Love Again Review

Love Again
After her boyfriend is killed in a car incident, children’s book illustrator Mira Ray (Priyanka Chopra Jonas) sends texts to his phone to process her trauma. Yet when they are inadvertently received by music critic Rob Burns (Sam Heughan), he seeks the help of Celine Dion to find her.

by Lillian Crawford |
Published on

It’s bold to assume the audience of your Hollywood romcom is familiar with the opera Orpheus And Eurydice by Christoph Willibald Gluck. The Orpheus myth has inspired some of the greatest filmmakers of the past century, from Jean Cocteau to Céline Sciamma. To that lofty pantheon we must now add James C. Strouse, writer and director of Love Again. Or rather Karoline Herfurth, whose 2016 film SMS für Dich (based on a novel by Sofie Cramer), inspired it. Perhaps German cinemagoers are all Gluck aficionados.

Love Again, believe it or not, mirrors the opera beautifully. After children’s book illustrator Mira Ray (Priyanka Chopra Jonas) loses her boyfriend in a car accident, she continues to text her dead lover’s phone as a channel for her grief. His mobile is recycled and used as the work phone of music critic Rob Burns (Sam Heughan), who falls in love with Mira through her melancholic poetry. Mira reveals her adoration for Orpheus And Eurydice, currently playing in New York, and Rob attends every performance to stage an impromptu meet-cute.

They strike up a romance, only for Mira to find her texts on Rob’s phone. Like Orpheus turning to face Eurydice, which condemns her to Hades forever, Mira disappears from Rob’s life. But unlike the Orpheus myth, Gluck’s opera has the cupid-like Amore revive Eurydice after taking pity on Orpheus — and who better to embody Amore in this adaptation than Canadian diva Celine Dion, appearing as herself, to guide Rob through the nine circles of Hell? It’s a peculiar sort of genius.

To this bizarre concoction add a smattering of British stars, including Russell Tovey, Lydia West, and Celia Imrie, doing shaky American accents, and that’s Love Again.

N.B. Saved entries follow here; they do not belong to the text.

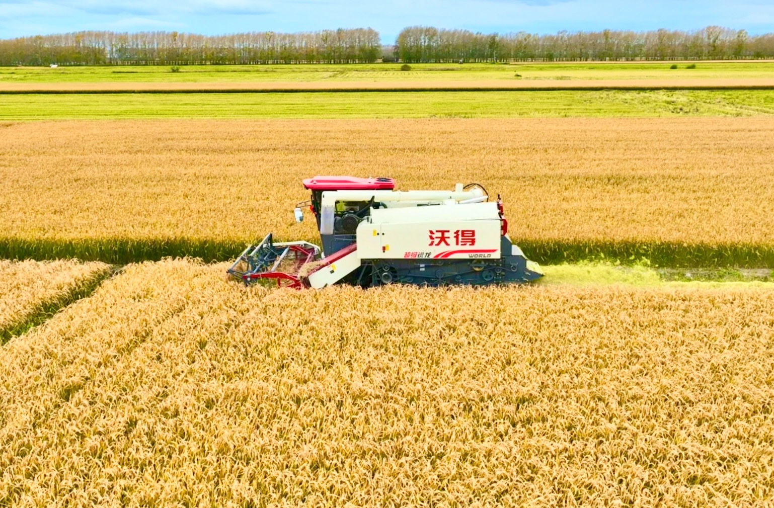 据统计,秋收期间,农场出动各类农机具2000余台,机械化作业率达100%,日均收割水稻超5万亩。
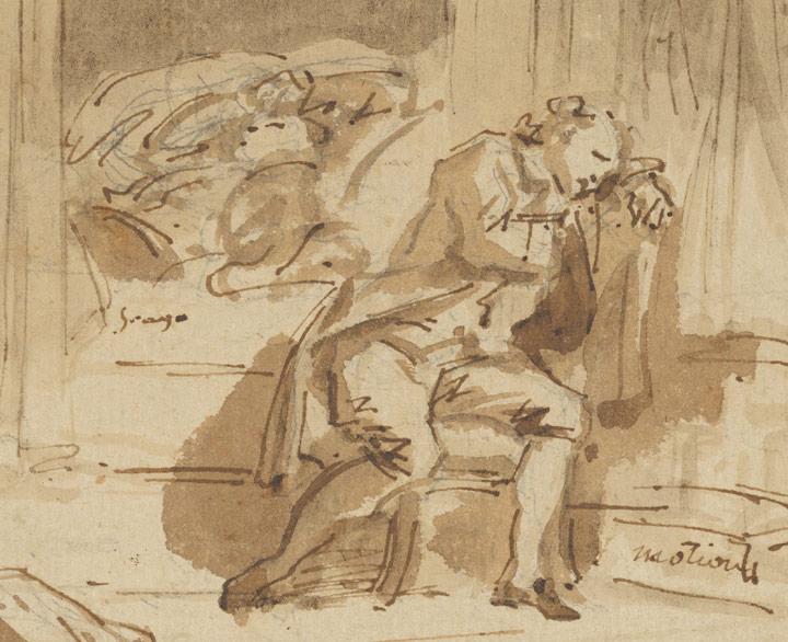 In this humorous sheet, the scene of the four men (and perhaps a servant) aboard a large boat is rendered in the caricature-like style Fragonard often reserved for his most personal subjects. He captures, in his usual quick and incisive penwork, the suffering of a group of travelers overwhelmed with seasickness. Sprawled throughout the sleeping cabin, they seem to writhe and moan. Only the artist's patron, Bergeret de Grancourt, seems immune to nausea; he can be seen through the doorway working industriously at his desk. Fragonard was less fortunate: Identified in his typical shorthand as "frago," he is visible stretched out in the alcove on the right, his eyes closed.
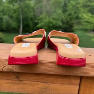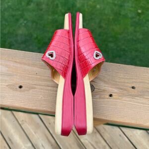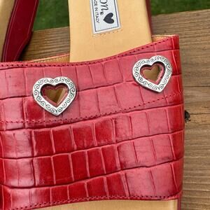 Brighton size 6.5 Yoko Red Croc Embossed Leather Slide Sandals w/ Heart Charms
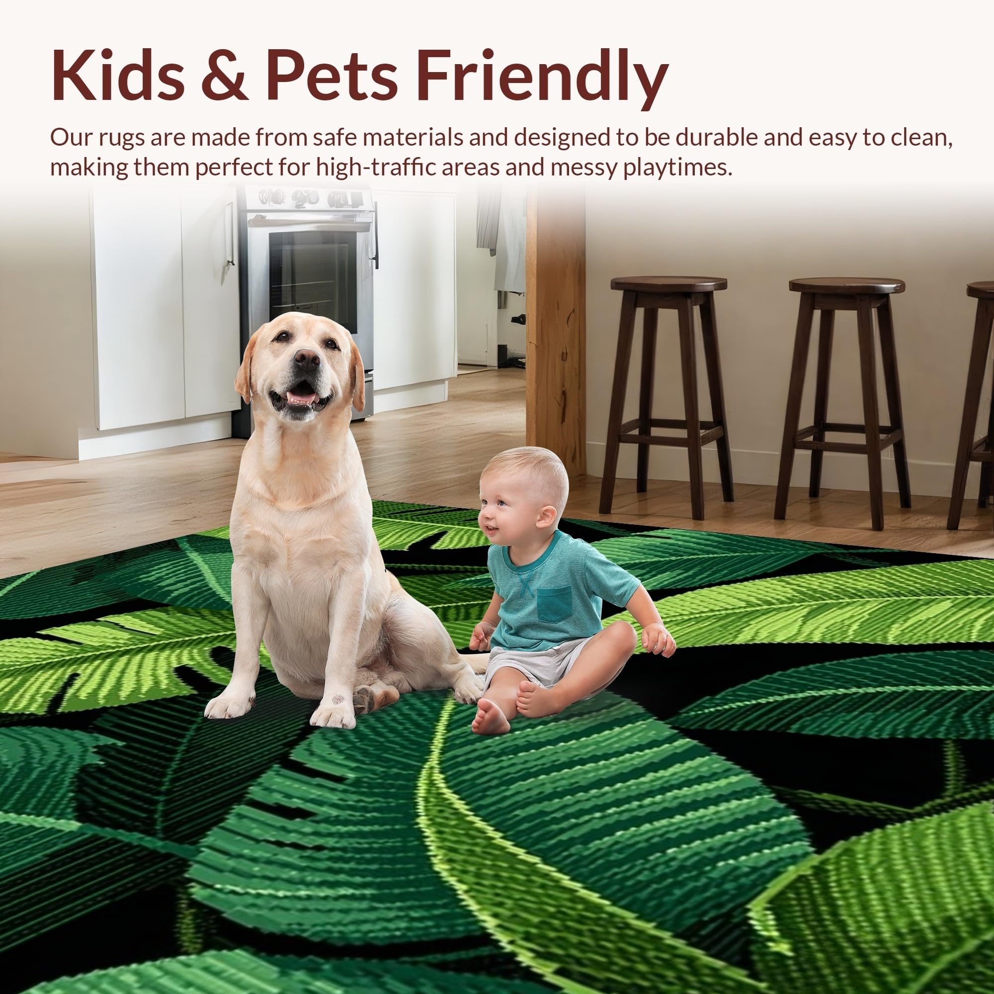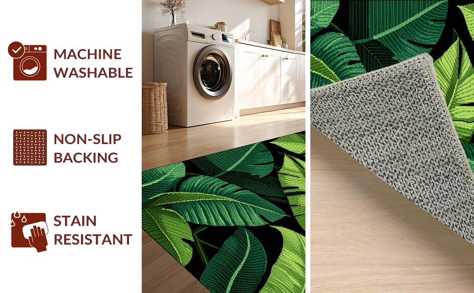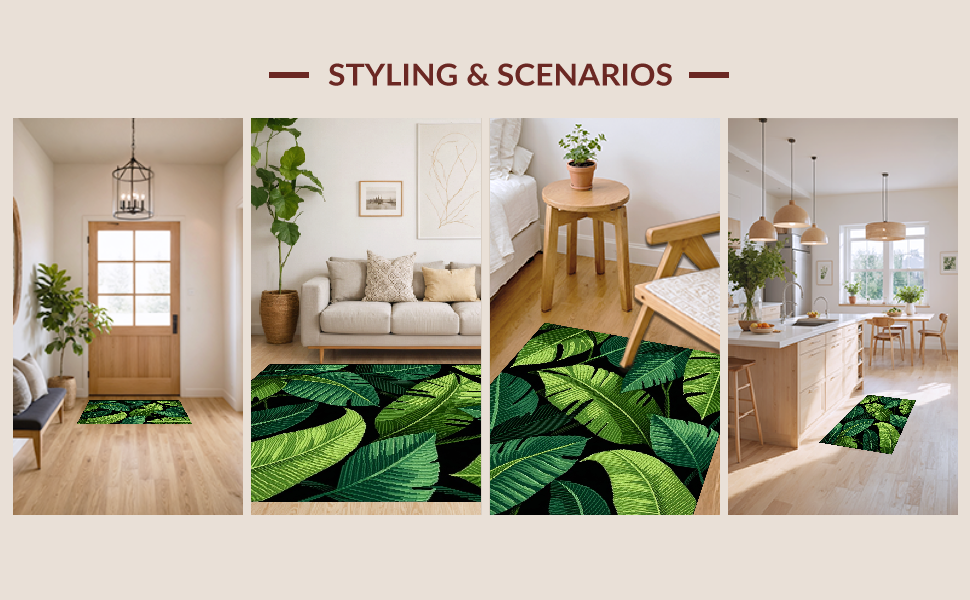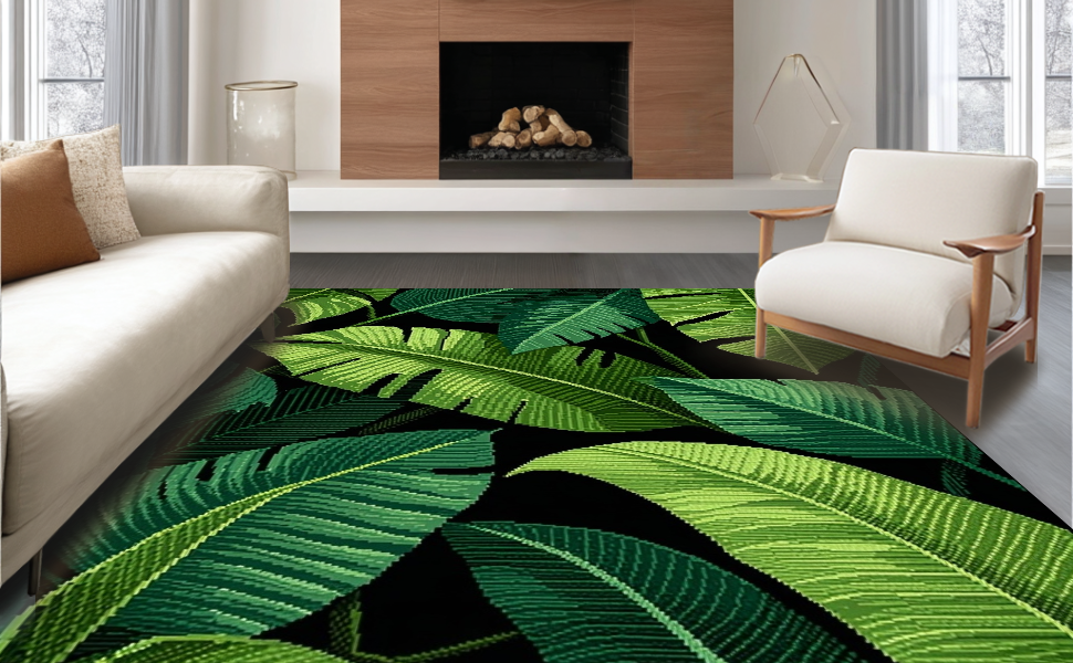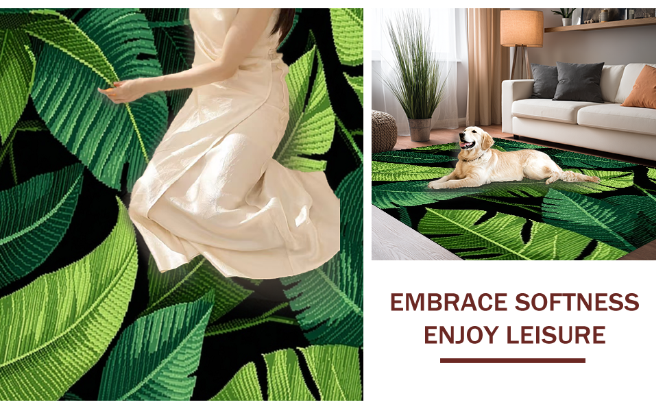 Ultra Soft Area Rug, Non Slip, Stain Resistant, Washable Area Rugs for Living Room, Bedroom, Minimalist Earthy Leaf Decor(Green) Overview:

It’s roughly made, suffocated by on-screen text messages and a heavy violin score by Keegan DeWitt out of tune with the Gluck arias and Dion ballads. But when a movie moves with such ease from ‘Che farò senza Eurydice?’ to ‘It’s All Coming Back To Me Now’, one can only respond with bemused respect.

It takes courage and ingenuity to find the modern romcom formula within the operas of Gluck, sung well through SMS by Heughan and Chopra Jonas. It also stars Celine Dion.